Leaving out the pictures, please reproduce exactly and only the lines from the one that contains "Exklusive Doppelhaushälfte unter" through the last line below.

Provided data
========
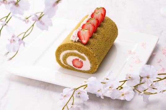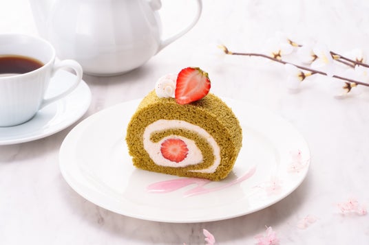 やさしい甘さの白あんとほんのり桜が香るクリームを、ふわふわの抹茶の生地で包んだ「和」のロールケーキです。甘酸っぱい苺もアクセントとなり、春のカフェタイムを彩ります。また、このロールケーキは「苺と桜のアフタヌーンティーセット」にもラインナップしています。
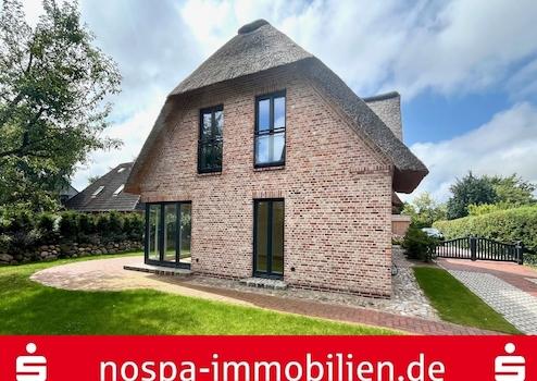 Exklusive Doppelhaushälfte unter Reet auf landschaftstypischen Grundstück mit Friesenwall, Terrasse & PKW-Stellplatz
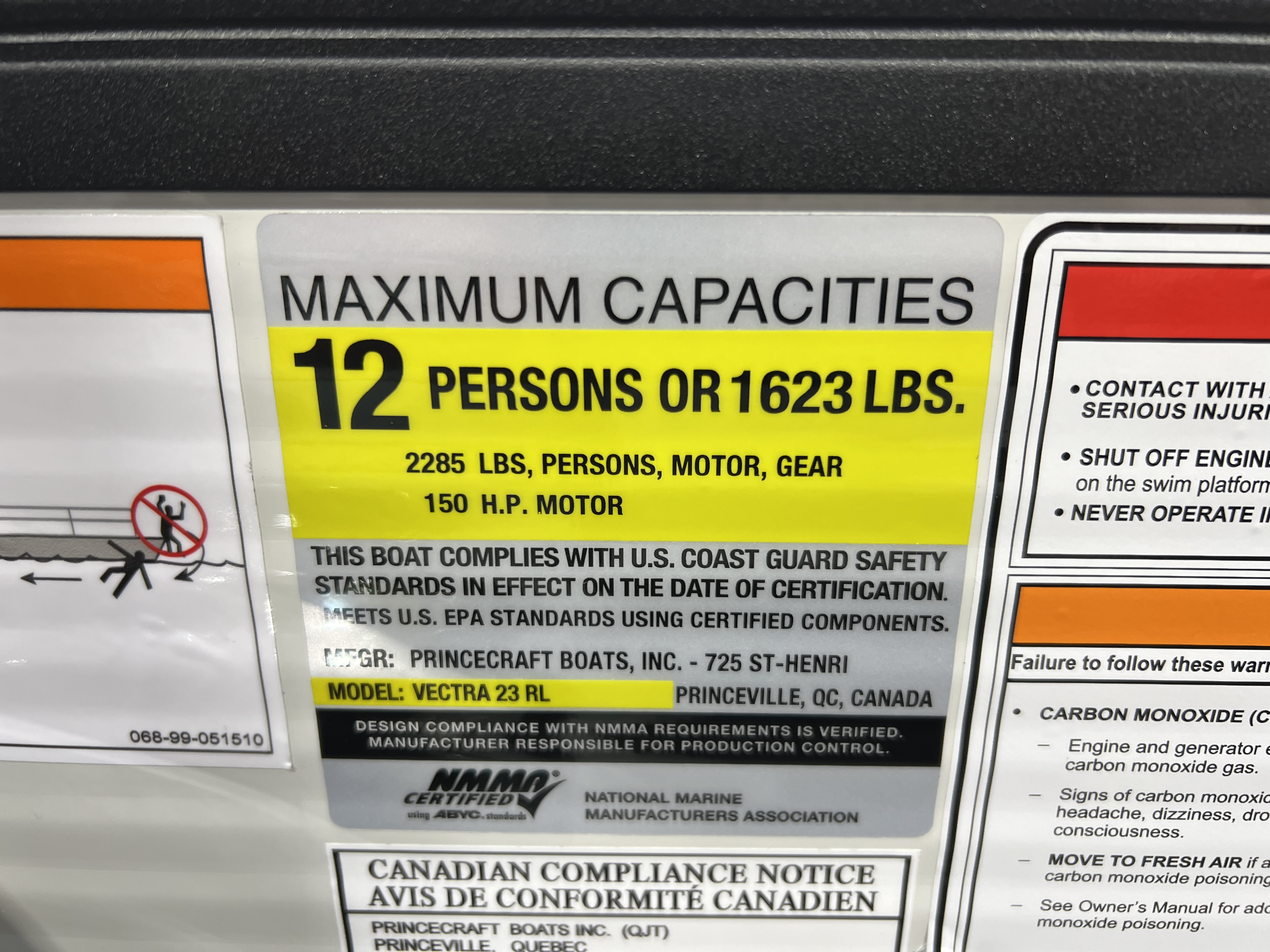 2026 Princecraft Vectra 23 RL Side By Side Swingback Pontoon & Mercury 4-Stroke EFI. This 22' Rear Lounge Swingback Pontoon Has Lounge Seating Up Front With Storage, Rear Facing Lounge Seating With Storage, Side By Side Captain's Chairs, All Vinyl Floor, Bluetooth Radio/MP3 Player With 4 Speakers, Multiple Cup Holders, Blackout Package, Mood Package, New Battery, Bimini Top, Mooring Cover, LED Docking Lights, LED Nav Lights, Two Tables, Built-In 29 Gallon Gas Tank, Tilt Steering, Helm Storage, Huge Rear Swim Deck With 4 Step Stainless Steel Ladder, Nice Front Deck, 25" Tubes. Rated For 12 People.
========
Solution for this problem
 Exklusive Doppelhaushälfte unter Reet auf landschaftstypischen Grundstück mit Friesenwall, Terrasse & PKW-Stellplatz
 2026 Princecraft Vectra 23 RL Side By Side Swingback Pontoon & Mercury 4-Stroke EFI. This 22' Rear Lounge Swingback Pontoon Has Lounge Seating Up Front With Storage, Rear Facing Lounge Seating With Storage, Side By Side Captain's Chairs, All Vinyl Floor, Bluetooth Radio/MP3 Player With 4 Speakers, Multiple Cup Holders, Blackout Package, Mood Package, New Battery, Bimini Top, Mooring Cover, LED Docking Lights, LED Nav Lights, Two Tables, Built-In 29 Gallon Gas Tank, Tilt Steering, Helm Storage, Huge Rear Swim Deck With 4 Step Stainless Steel Ladder, Nice Front Deck, 25" Tubes. Rated For 12 People.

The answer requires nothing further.